Dataset records -

◆ ◆ ◆ ◆

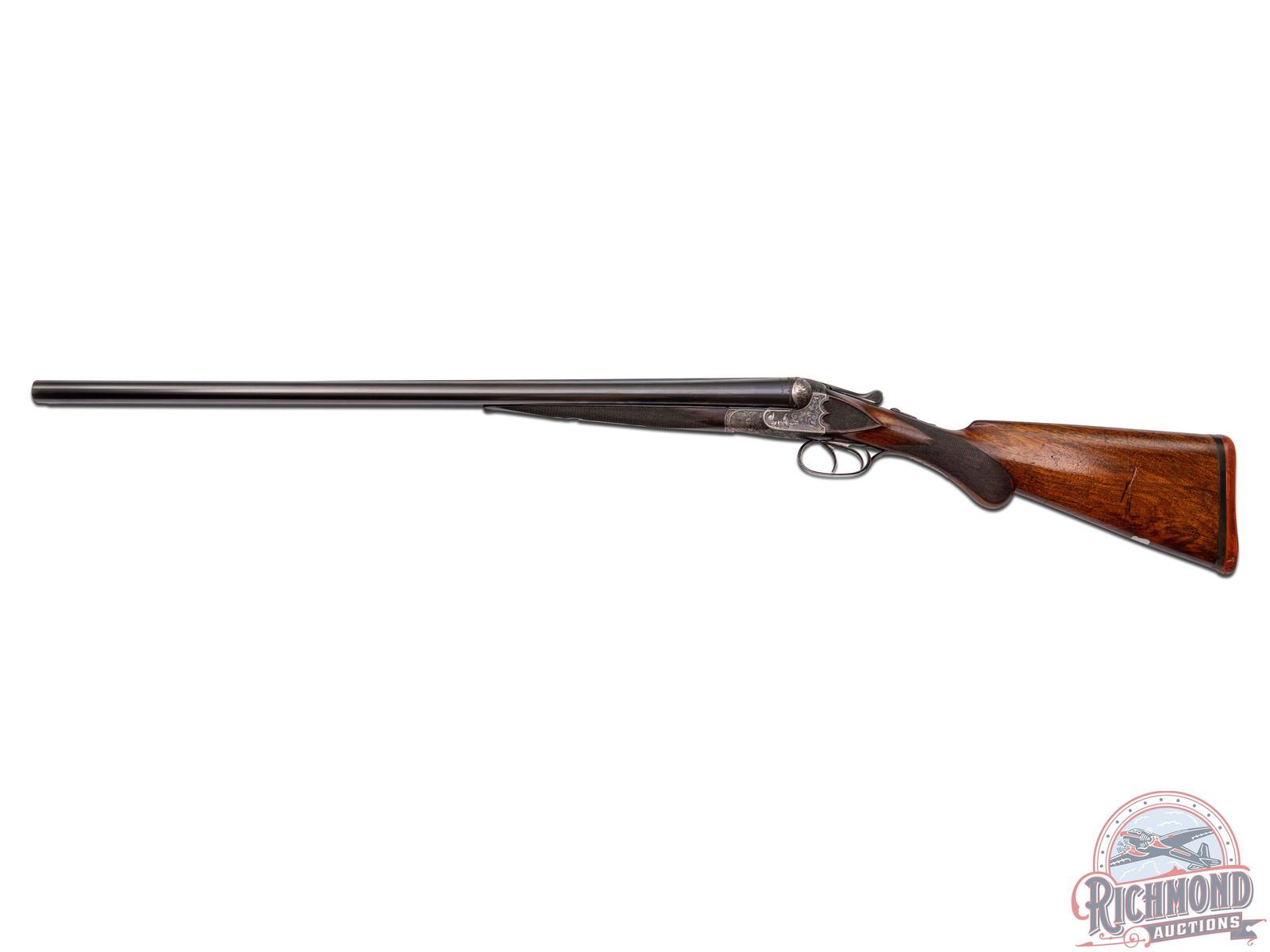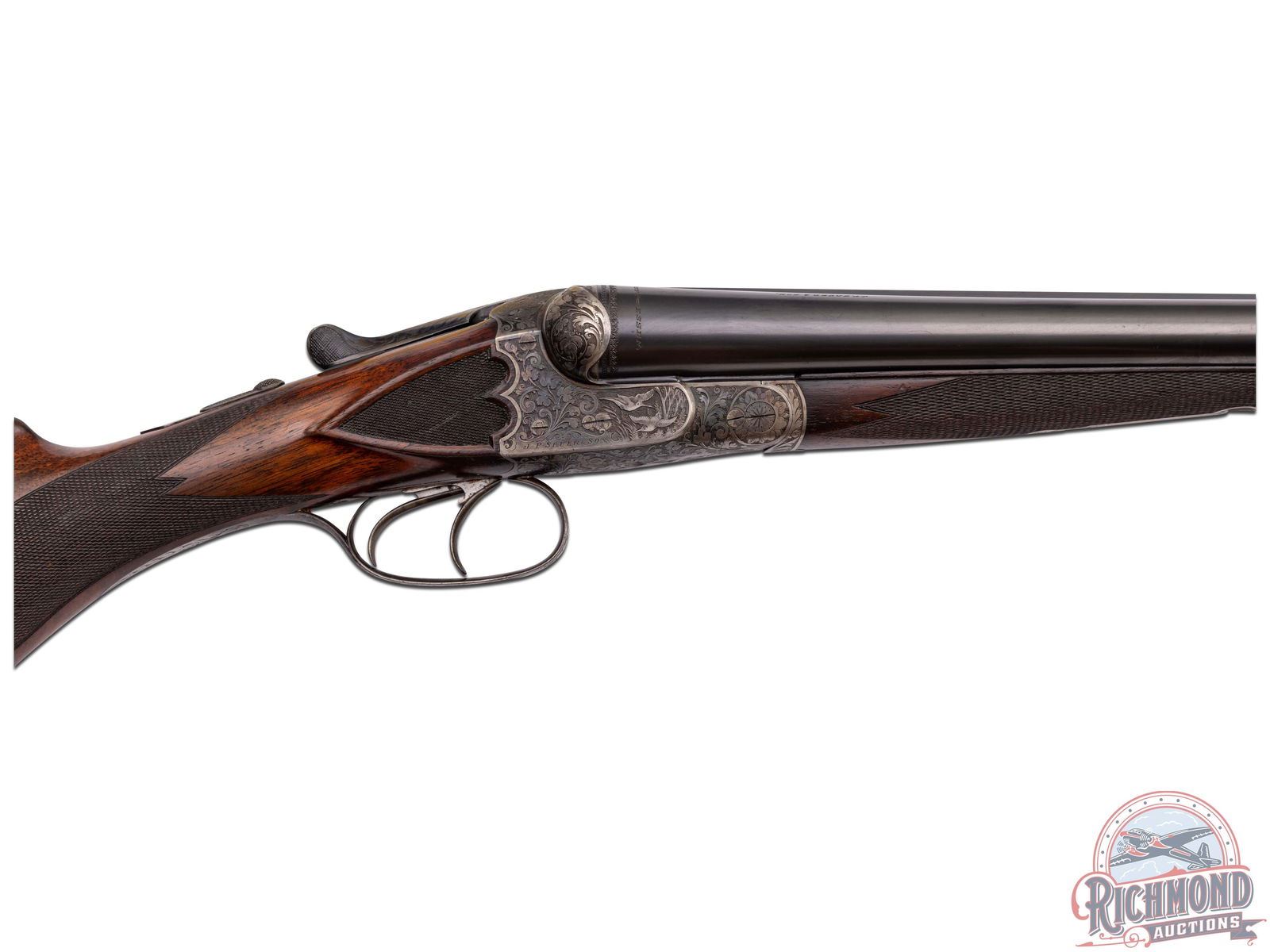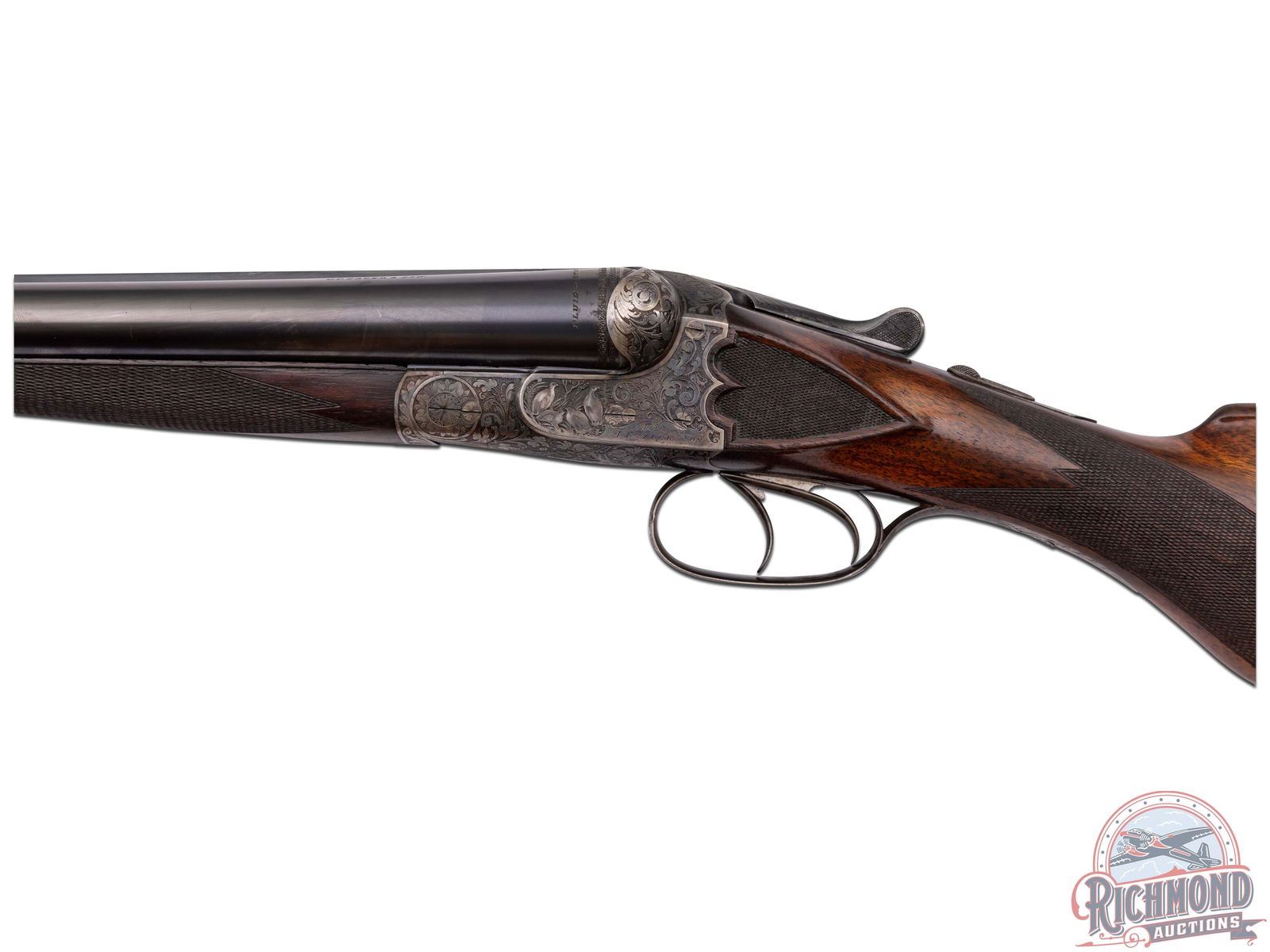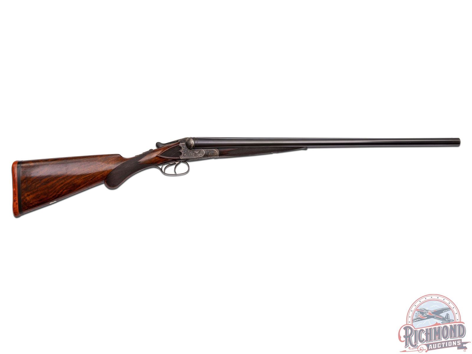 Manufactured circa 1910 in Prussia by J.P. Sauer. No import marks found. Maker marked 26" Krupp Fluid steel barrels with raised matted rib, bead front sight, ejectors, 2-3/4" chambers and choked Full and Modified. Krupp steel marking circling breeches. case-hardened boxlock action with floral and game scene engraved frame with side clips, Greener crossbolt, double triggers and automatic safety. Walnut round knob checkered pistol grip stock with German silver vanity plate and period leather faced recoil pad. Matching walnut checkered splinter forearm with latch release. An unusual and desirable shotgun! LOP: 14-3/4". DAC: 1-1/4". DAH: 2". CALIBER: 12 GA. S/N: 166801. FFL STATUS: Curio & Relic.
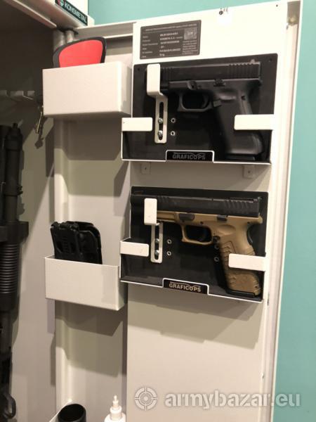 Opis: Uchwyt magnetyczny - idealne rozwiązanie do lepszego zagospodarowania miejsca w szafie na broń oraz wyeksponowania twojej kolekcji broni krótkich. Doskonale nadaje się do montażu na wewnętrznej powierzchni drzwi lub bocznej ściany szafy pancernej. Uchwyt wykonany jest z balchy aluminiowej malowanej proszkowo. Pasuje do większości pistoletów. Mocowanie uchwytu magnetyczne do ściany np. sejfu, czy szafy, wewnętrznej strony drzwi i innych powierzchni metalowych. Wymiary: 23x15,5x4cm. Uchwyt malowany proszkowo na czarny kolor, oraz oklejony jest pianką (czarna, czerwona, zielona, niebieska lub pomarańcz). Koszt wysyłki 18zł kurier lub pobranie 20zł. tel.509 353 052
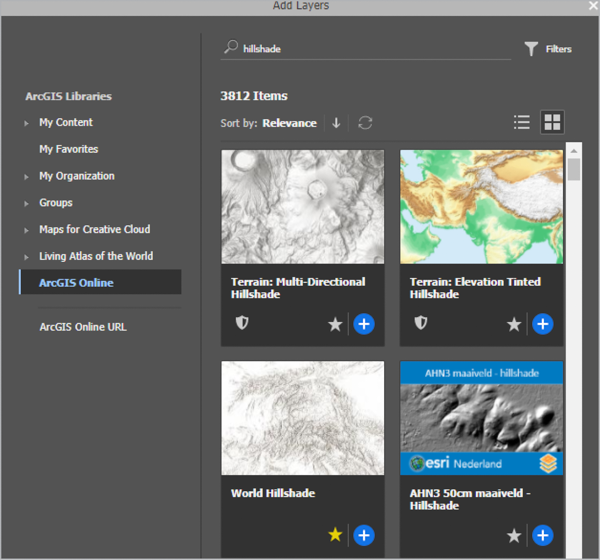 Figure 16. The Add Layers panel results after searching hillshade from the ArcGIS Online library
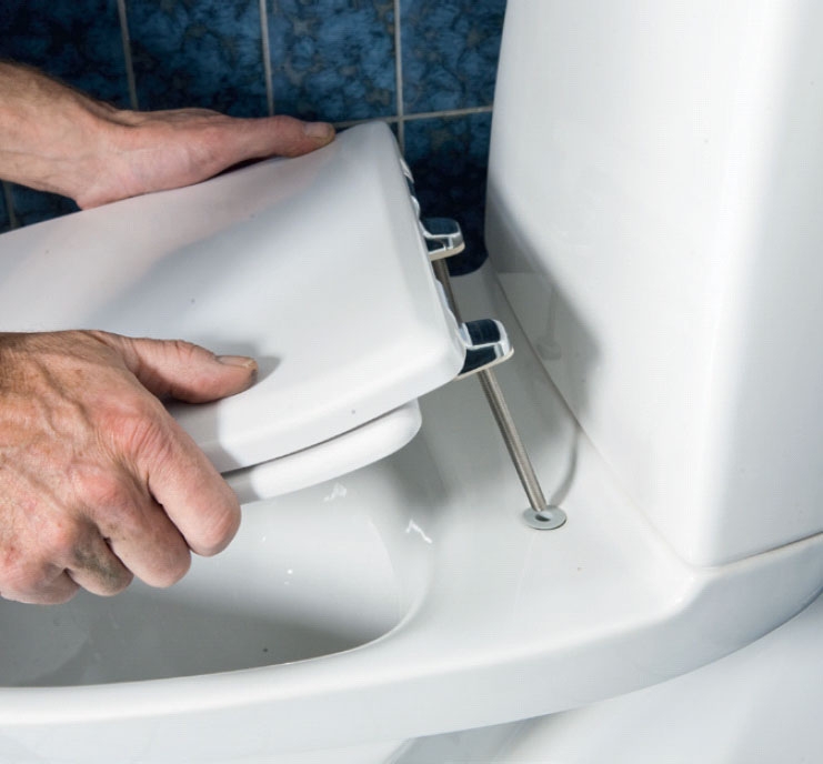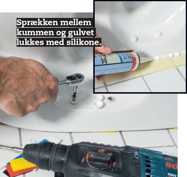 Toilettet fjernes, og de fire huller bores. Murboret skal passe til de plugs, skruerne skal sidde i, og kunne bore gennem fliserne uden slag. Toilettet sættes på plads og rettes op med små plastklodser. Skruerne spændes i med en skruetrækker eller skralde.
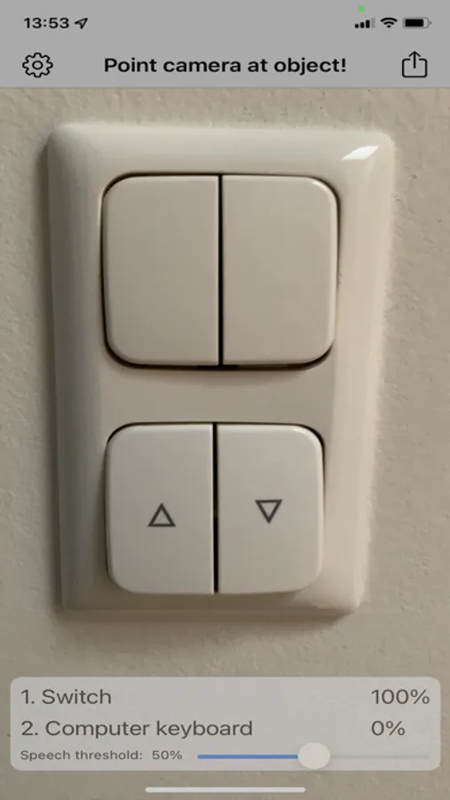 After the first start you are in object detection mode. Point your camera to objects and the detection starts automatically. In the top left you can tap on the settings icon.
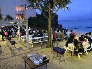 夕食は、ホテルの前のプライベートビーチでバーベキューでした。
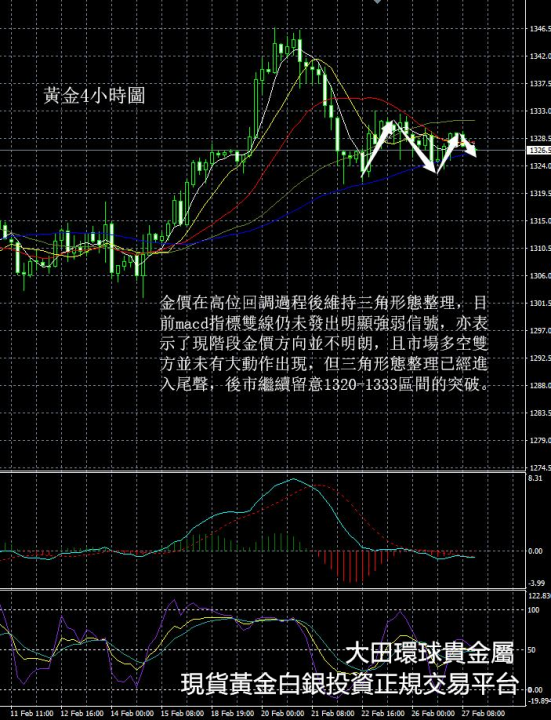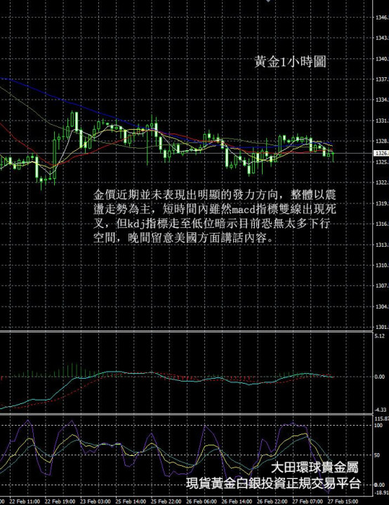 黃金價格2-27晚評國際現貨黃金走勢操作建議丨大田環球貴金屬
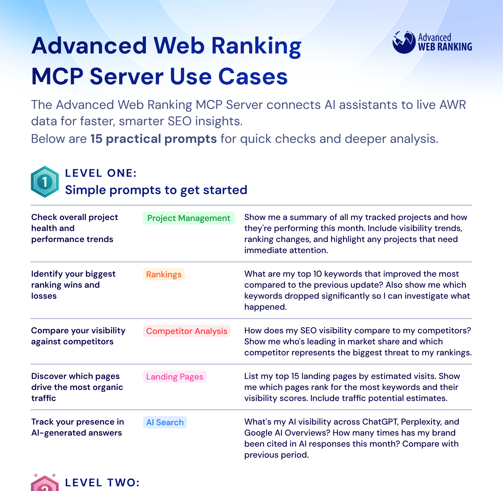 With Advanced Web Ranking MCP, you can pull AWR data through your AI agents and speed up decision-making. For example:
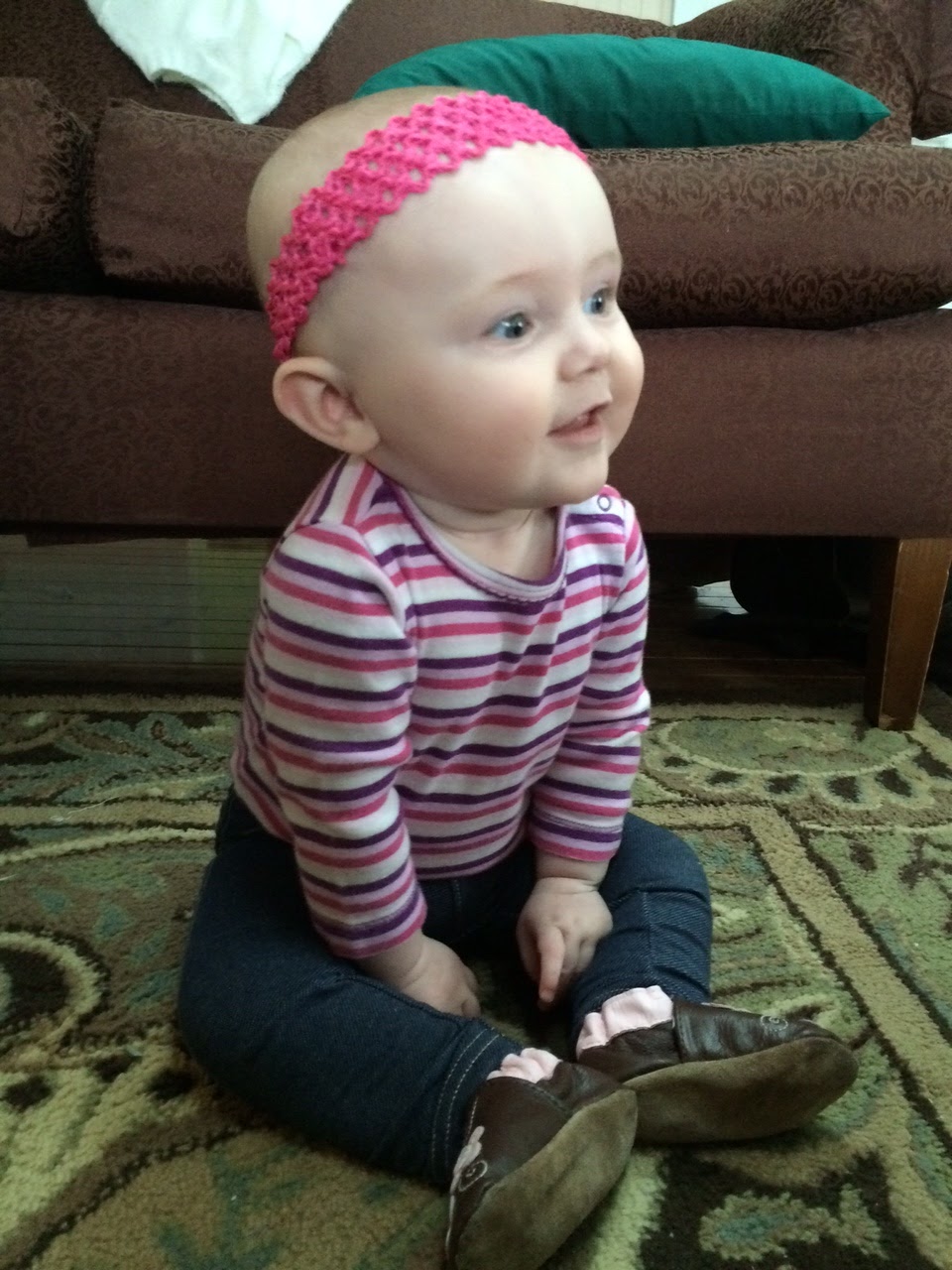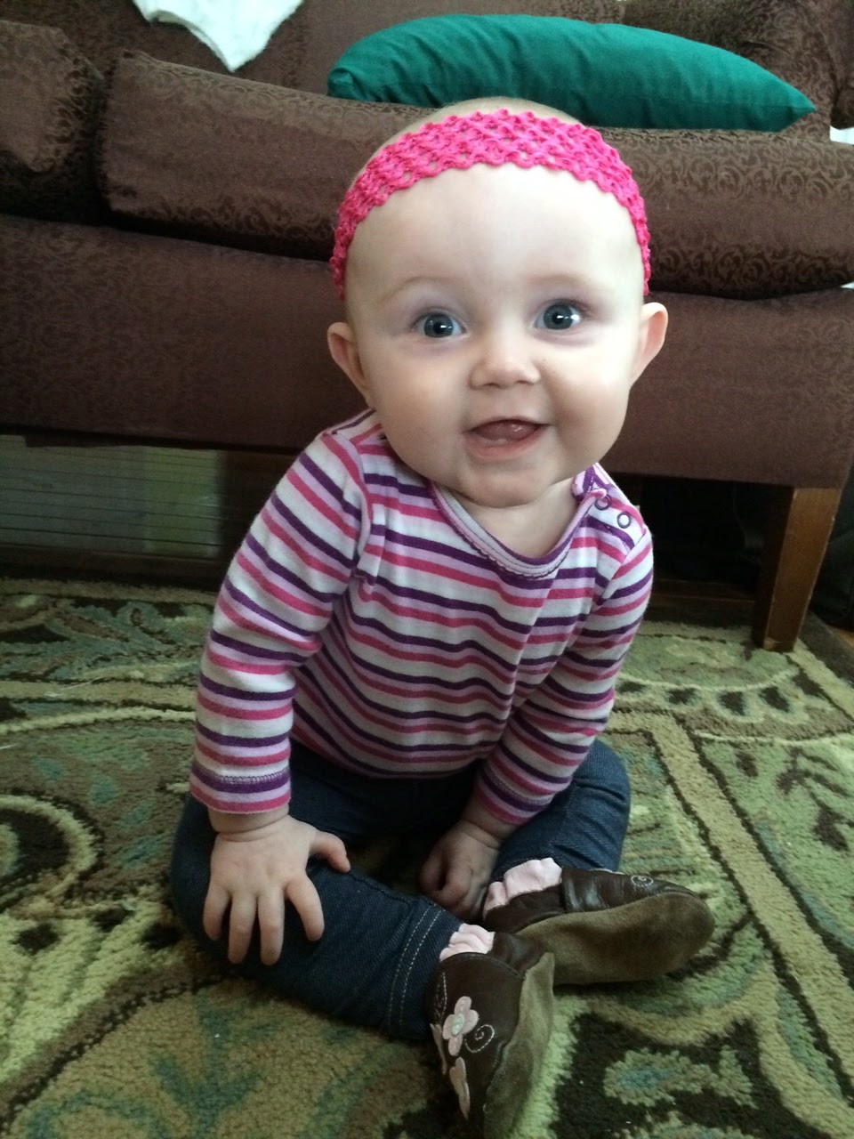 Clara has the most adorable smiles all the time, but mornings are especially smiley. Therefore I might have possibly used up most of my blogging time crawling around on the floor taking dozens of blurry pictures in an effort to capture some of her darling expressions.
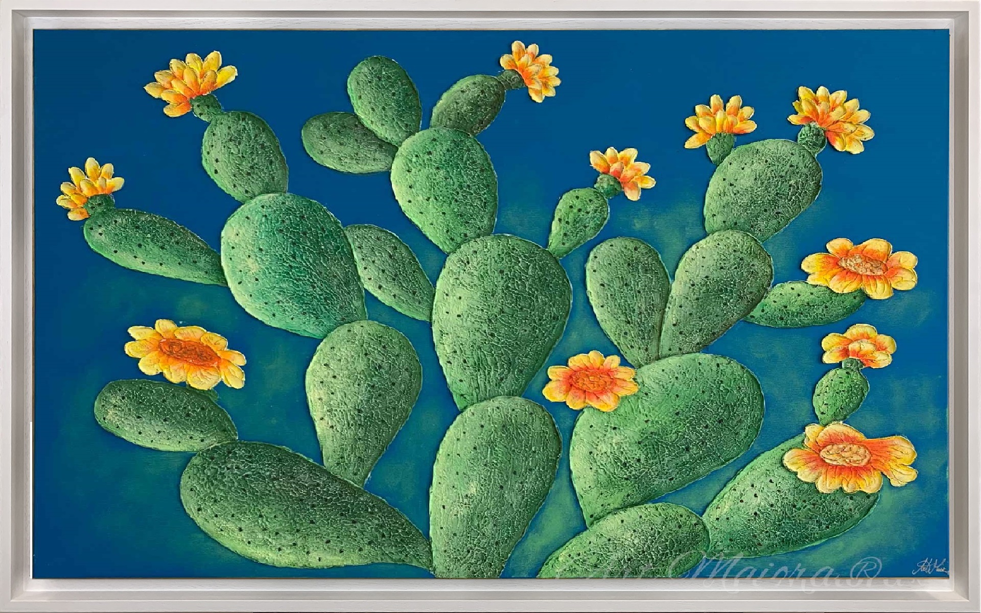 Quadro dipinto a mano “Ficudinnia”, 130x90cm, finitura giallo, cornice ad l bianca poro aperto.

◆ ◆ ◆ ◆

Exercise details - Your copy should consist only of the lines from the one containing "夕食は、ホテルの前のプライベートビーチでバーベキューでした。" through the last line of the entries above, reproduced exactly, without pictures.

Finished task -
 夕食は、ホテルの前のプライベートビーチでバーベキューでした。
 黃金價格2-27晚評國際現貨黃金走勢操作建議丨大田環球貴金屬
 With Advanced Web Ranking MCP, you can pull AWR data through your AI agents and speed up decision-making. For example:
 Clara has the most adorable smiles all the time, but mornings are especially smiley. Therefore I might have possibly used up most of my blogging time crawling around on the floor taking dozens of blurry pictures in an effort to capture some of her darling expressions.
 Quadro dipinto a mano “Ficudinnia”, 130x90cm, finitura giallo, cornice ad l bianca poro aperto.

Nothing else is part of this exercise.